表紙

 お志津 102 男の責任感



 満足し、少し安心して寿司屋を出ると、外は大雨になっていた。 強い雨足に着物の裾がじっとりと重くなる。 敦盛は雨よけに、また近くの活動写真館に行こうと提案した。
 今度は出し物が替わっていて、妙な帽子をかぶった外国人が出てきた。 そして最後に正面を向き、観客に向かって銃を抜いて発砲したため、観客は息を呑み、思わず隣の人の背中に隠れる者までいた。
「いろんなことを考えるわね」
「異人もけれん味があるな。 歌舞伎と同じだ」
 敦盛と笑いあいながら写真館を後にした。 雨はだいぶ小降りになって、空が明るさを増していた。
「学校まで送っていくよ」
 そう言って市電の駅を目指した敦盛の袖を、志津は掴んで引き止めた。
「待って」
 敦盛はたちどまり、いぶかしげに志津の顔を見た。
「どうした? 忘れ物かい?」
「いいえ」
 志津は喉の塊を飲み込んでから、上ずった声で言った。
「まだ二時過ぎだわ。 せっかく逢えたんだし、どこかで……休んでいかない?」
 それが精一杯だった。 意味が通じるかどうかわからないままに、志津は首筋まで真っ赤になっていた。
 敦盛はまずそびえたつ時計台を見上げ、それから視線を恋人に戻した。 心なしか、彼の頬も赤みを帯びているように見えた。
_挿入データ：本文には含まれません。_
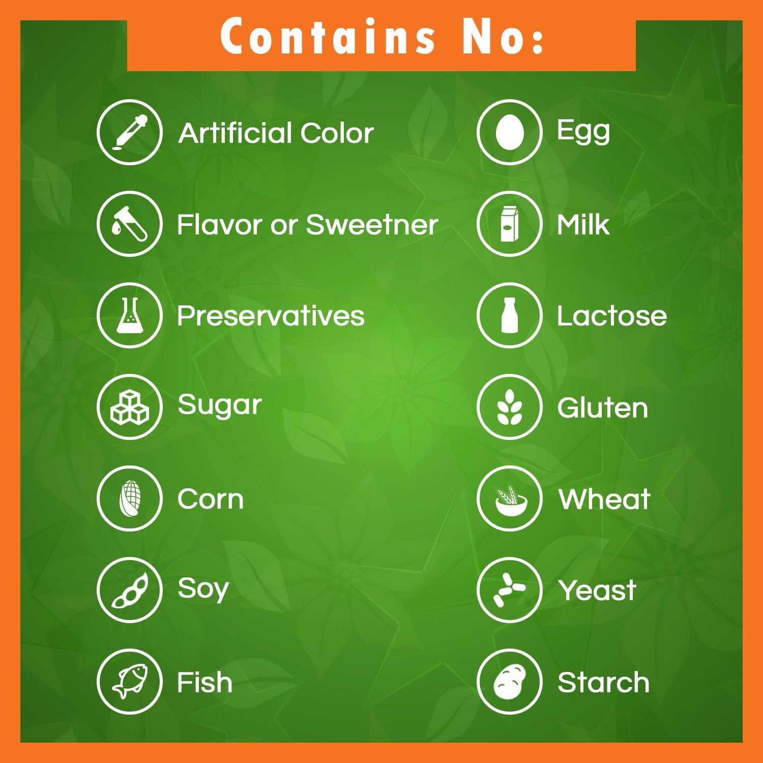 No Artificial Color, Flavor, or Sweetener, No Preservatives, No Sugar, No Milk, No Corn, No Soy, No Egg, No Lactose, No Gluten, No Wheat, No Yeast, No Fish. Sodium Free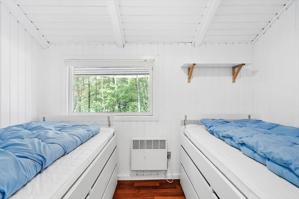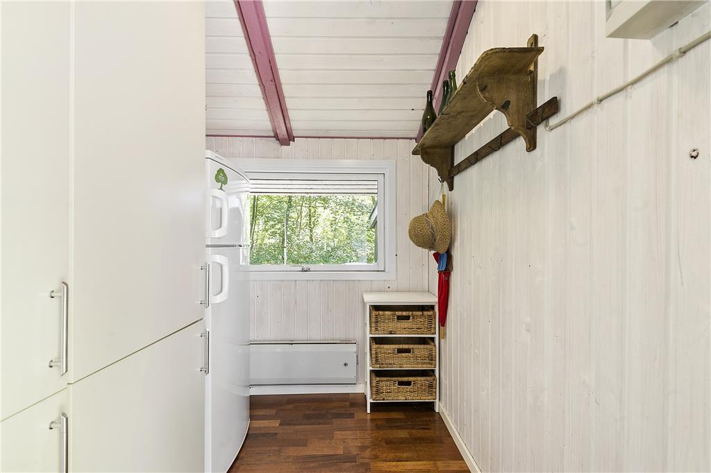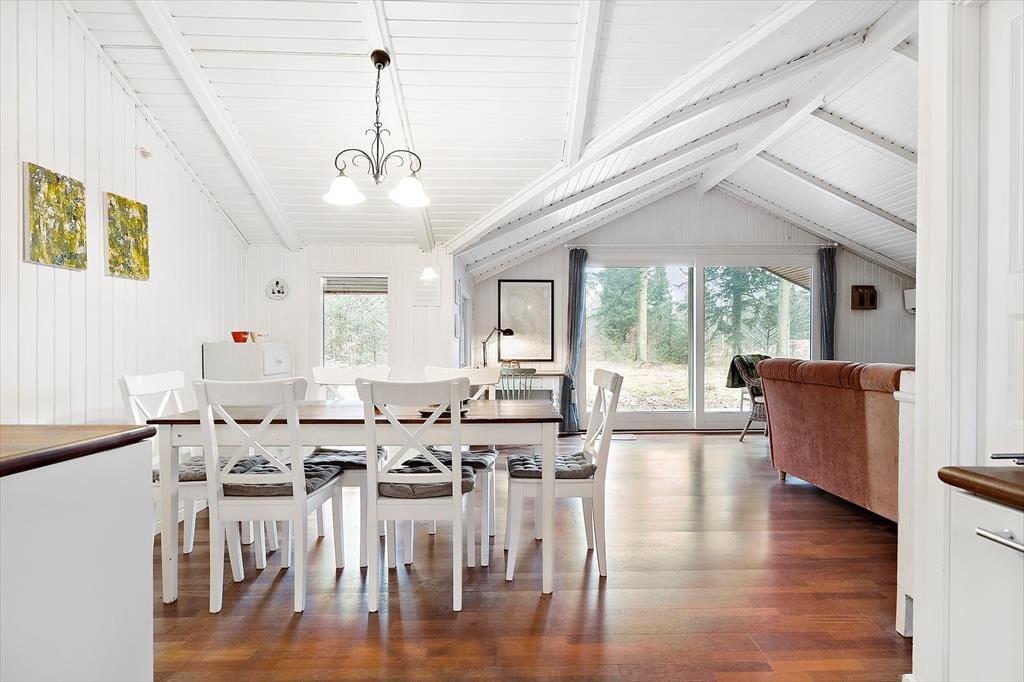 Det klassiske træsommerhus blev senest renoveret i 2010, så det præsenterer sig på indbydende vis med pænt møblement og mange bekvemme detaljer. For eksempel er der både varmepumpe og brændeovn i stuen, og hvis det er køligt udenfor, er det derudover rart, at der er gulvvarme på det moderne indrettede badeværelse. I køkkenet, der ligger i åben forbindelse med stuen, er der både opvaskemaskine og vaskemaskine, så dagens praktiske gøremål kan hurtigt overstås, og i stedet kan I bruge tiden på at slappe af og nyde livet. Har I haft held på fisketuren eller blot købt stort ind, er det desuden rart, at der står et ekstra køleskab med fryser i opbevaringsrummet. Soveværelser hører naturligvis også med til planløsningen, og her er der i alt tre, som tilsammen kan rumme seks feriegæster.

 雨がまた勢いを増してきた。 人々は傘を低くして忙しく通り過ぎ、道端で立っているのは敦盛と志津だけになった。
 舗道を叩く雨音の中、敦盛が口を開いた。
「それはできないよ、志津さん。 実は結納も帰還するまで伸ばしてもらおうと思っているんだ」
 志津は激しく息を引いた。
「なぜ? 出征前に急いで式を挙げる人だって沢山いるのに」
 祈るように両手を握られても、敦盛は考えを曲げなかった。
「僕はそんな不安なんか持っていない。 必ず生きて戻ってくるつもりだ」
「じゃあ」
「でも怪我はするかもしれない。 腕や足を失ったら? もし目が見えなくなったら?」
「やめて」
 戦場で彼を待つ危険を思っただけで、志津は気分が悪くなった。
「そんなこと考えないで! でも万一あなたが大怪我しても、私の気持ちは変わらない。 絶対に!」
「僕が変わるかもしれないよ」
 敦盛は寂しそうに言った。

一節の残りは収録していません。